Is Quinoa Paleo?


Screen-Shot-2012-07-14-at-2.39.18-PM-300x225.pngHere’s the deal with quinoa (pronounced “keen-wah”), since so many people seem to think it’s totally different than a grain. If it looks like a grain and acts like a grain (not to mention tastes like a grain), it’s a grain. And quinoa contains some anti-nutrients that other grains contain, such as phytic acid, lectins, and saponins.

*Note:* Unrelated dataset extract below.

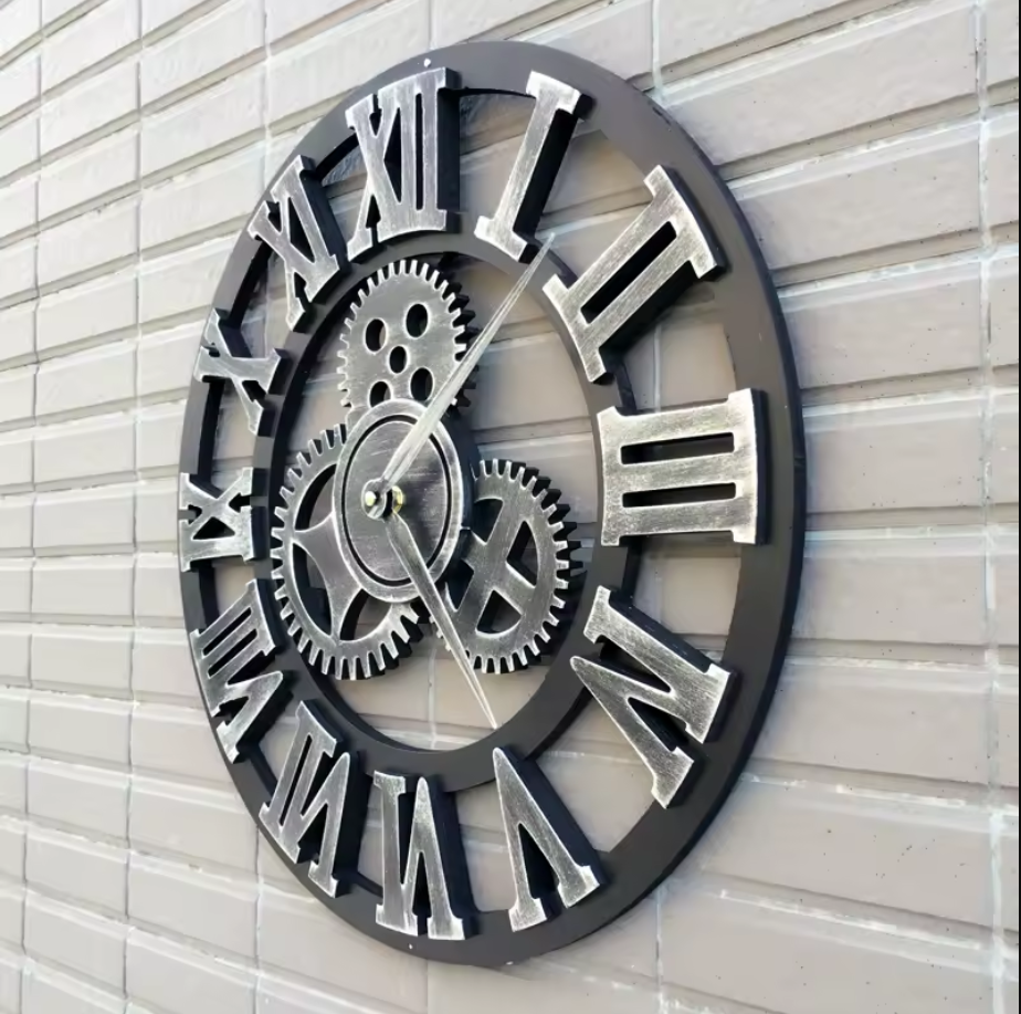 - Enhance your home décor with this large steampunk wooden wall clock, featuring intricate Roman numerals and a unique gear design.

Read those links for more info on all of those anti-nutrients, but basically phytic acid binds to minerals in your gut and carries them out unabsorbed, and lectins and saponins contribute to gut permeability, or leaky gut. And like other grains, even if quinoa is properly prepared, meaning it’s soaked and cooked for an adequate amount of time, some of those substances will still remain.

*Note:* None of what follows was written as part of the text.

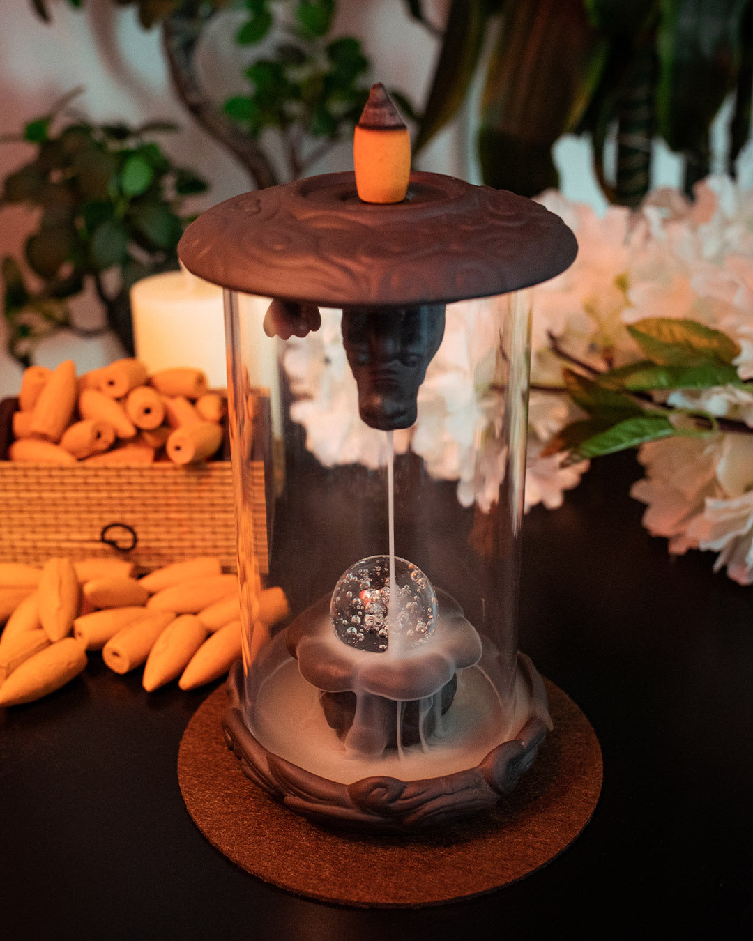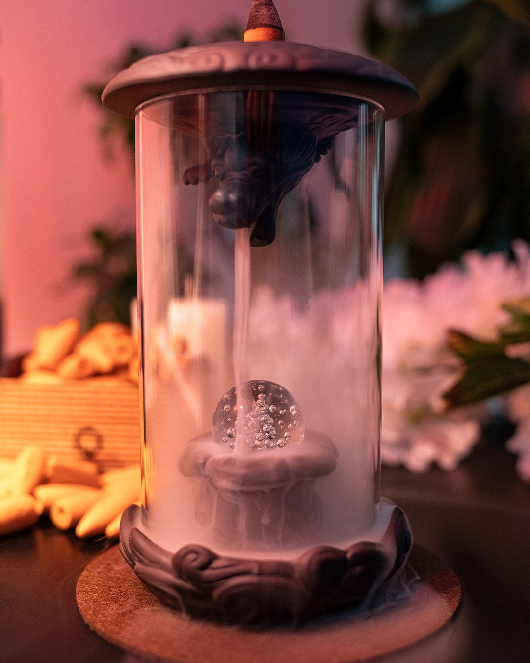 The smoke generated by the cones flows downwards, giving a particular cascade effect, hypnotic and relaxing on the sphere.

Now for some people quinoa is fine, just like some people with guts of steel really can deal with rice or other grains. But for others with more compromised guts and therefore sensitive immune systems, quinoa may not be ok. They may have digestive symptoms or skin irritation or asthma or fatigue after eating it, just like they would with other grains.

Also, quinoa isn’t exactly God’s gift to high protein foods, as some people would like to think. Some even eat a cup of quinoa as their “protein” portion on their plate, and that’s just erroneous. A cup of cooked quinoa contains 8 grams of protein. A cup of white rice contains just under 5 grams. Three ounces of lean beef contains about 25 grams of protein…

I don’t think quinoa is inherently bad. I just think that after a lifetime of eating improperly prepared, highly glutenous refined grains, pasteurized dairy, toxic seed oils and tons of sugar, a lot of people have compromised guts and immune systems and they can’t handle these foods like native people who’ve never eaten those kinds of Westernized foods. That’s all.